I finished this weekend and while I'm quite pleased by the way it turned out, I'm frustrated by the difficulties in photographing it. I have two choices in the dim winter light--a little too dark or the blazing effect of a camera flash reflecting off taffeta. I'm hoping to get better lighting this weekend, even if I have to haul Tillie outside.
Here's the bodice (displaying a moderately blinding flash effect) without the sleeves.
And here are the sleeves:
The elastic in the top rides comfortably just above the elbow, allowing the sleeves to billow out. Back in the day, the sleeves had ties instead of elastic, of course.
The Victorian silhouette is different than a modern day silhouette, so the bodice is padded above the chest.
The pad looks like this and is attached to the armhole. It's made of two layers of batting in a cover.
And since Tillie's jacket is open, this is a good time to take a look at the chemisette, which is kind of like a Victorian dickie.

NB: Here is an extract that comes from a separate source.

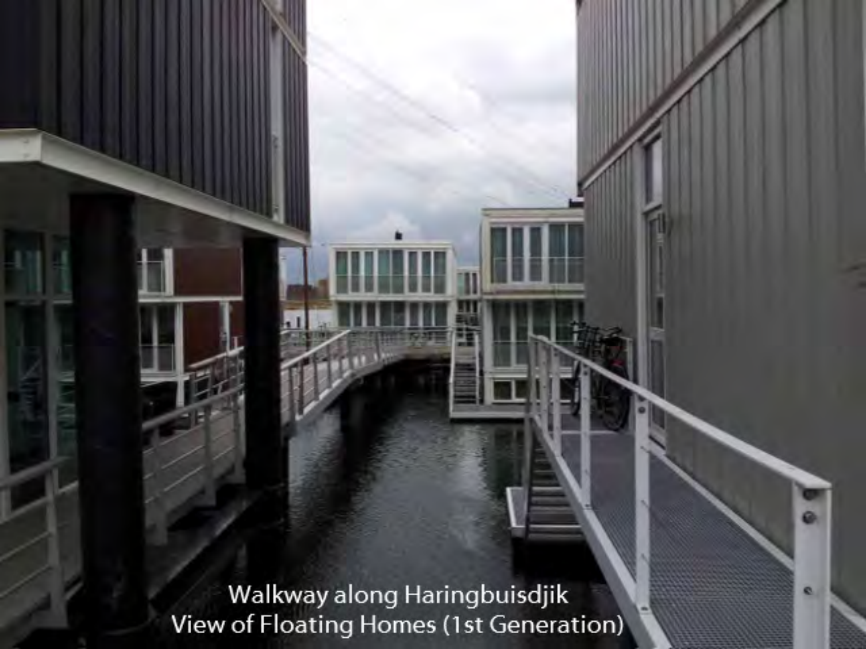
Walkway along Haringbuisdijk View of Floating Homes (1st Generation)

It allows for a collar and blouse effect without the bulk of an actual blouse.
The chemisette ties at the sides:
Here's the back of the dress. I love the point.
The center back, the side seams and the front darts are boned for the bottom 6-8 inches, to help the bodice keep it's shape.
I can't wait to post some photos of Rachel modeling the dress.
Now that I'm done with this project (except for the hem), I'm forging on into men's wear territory. The next project is a pair of Victorian pants to go with my husband's frock coat. I hope to finish by this weekend. Wish me luck.